FIG. 4 shows yet another device, die 405 that may be used for generating multi-chip systems with a single die design in accordance with some embodiments. Die (e.g., FPGA) 400 comprises a peripheral region that includes both D2D blocks 416-419 and transceiver blocks 410 a,b and 411 a,b, as shown. Rather than simply using inner and outer peripheral portions, the transceiver and D2D blocks are interleaved around the peripheral region. In this way, adjacent D2D blocks from side-by-side dies may be coupled together, simplifying, in some cases, the utilized package methodologies.
FIG. 5 is a side view showing another multi-chip system 500 in accordance with some embodiments. System 500 includes die instances 505A, 505B, and 505C mounted organic interposer 535, which is mounted atop a mid substrate portion 532, which may be a part of substrate 530. The mid substrate 532 and organic interposer 535 house bridge structures 542, which include bridge conductors 543 for coupling adjacent D2D blocks (517A-519B and 517B-519C) together. The package also includes TSVs passing through the bridges to couple inactive transceiver blocks to inactive device reference planes (Vss). Also included are copper pillars and TSVs for coupling, through the organic interposer and substrate portions, transceiver blocks (510A, 511C) to IO contacts and inactive IO blocks (D2D portions (519A, 517C) to Vss reference planes. In some embodiments, the organic interposer could be omitted, with bridge structures disposed directly within the mid substrate portion. In addition, the mid substrate portion may be formed as a separate layer from the substrate, or it could be part of the substrate itself.

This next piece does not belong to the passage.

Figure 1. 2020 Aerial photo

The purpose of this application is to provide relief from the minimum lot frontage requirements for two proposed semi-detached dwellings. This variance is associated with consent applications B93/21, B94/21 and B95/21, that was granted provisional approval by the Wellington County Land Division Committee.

FIG. 6 shows an exemplary compute system 650 formed from one or more FPGA modules 660, each having one or more dies of a single design instantiation, as described herein. (They may also include other components such as power supplies, ASICS or even other FPGA designs.) Each FPGA module 660 also has an associated external memory module 665. The FPGA modules 660 are coupled to each other through a communications bridge 675. Also illustrated is a host processor 605 having associated memory 608. The host processor is coupled to the compute system 650 through a host interface bridge 610 for controlling and communicating with FPGA system 650. Host 605, in cooperation with memory 608, may be used to program the one or more FPGA modules 660, as well as to control and program the system for such tasks as compute system prototyping, as well as for other possible functions.
Compute system prototyping may be a highly beneficial use of FPGA modules 660 in accordance with some embodiments. Hardware platforms such as FPGA prototyping are growing in popularity due to their relative low expense and ability to test system designs at speed versus simulation which is too slow and often can't provide an accurate assessment of design behavior. FPGA-based prototyping may be well suited for even the largest designs. An FPGA based prototype system allows engineers to use the same software in the prototype system as with the final product, thus allowing an early start in software development. The architecture for the prototype need only include minor additions compared to the final architecture. Therefore, the evaluation of different configurations and functionality verification may be simple, reliable, and fast. It also allows for the evaluation of large system-on-chips using one or more multi-FPGA modules such as a multi-FPGA module 200, 500, and/or 660, as previously discussed. When combined with the ability to control the clocking of individual components, such a configuration allows analysis of both software and hardware. Another benefit is that FPGA-based compute system prototypes can use synthesizable RTL (register transfer language) developed for an actual hardened design to provide cycle-accurate, high-performance execution and real-world interface connectivity. This performance can scale with the complexity of designs thanks to the flexibility of prototyping solutions that allow design partitioning across multiple FPGAs to be utilized in order to handle very large design sizes requiring massive verification throughput. This also brings the added benefit of more time to perform exhaustive verification of large designs, or to allow additional exploration of design options. While verification may be a primary use, physical prototyping supports other use cases, including proof-of-concept research, test pattern generation, IP development, end-user evaluation, and even as highly configurable computer systems for varieties of applications.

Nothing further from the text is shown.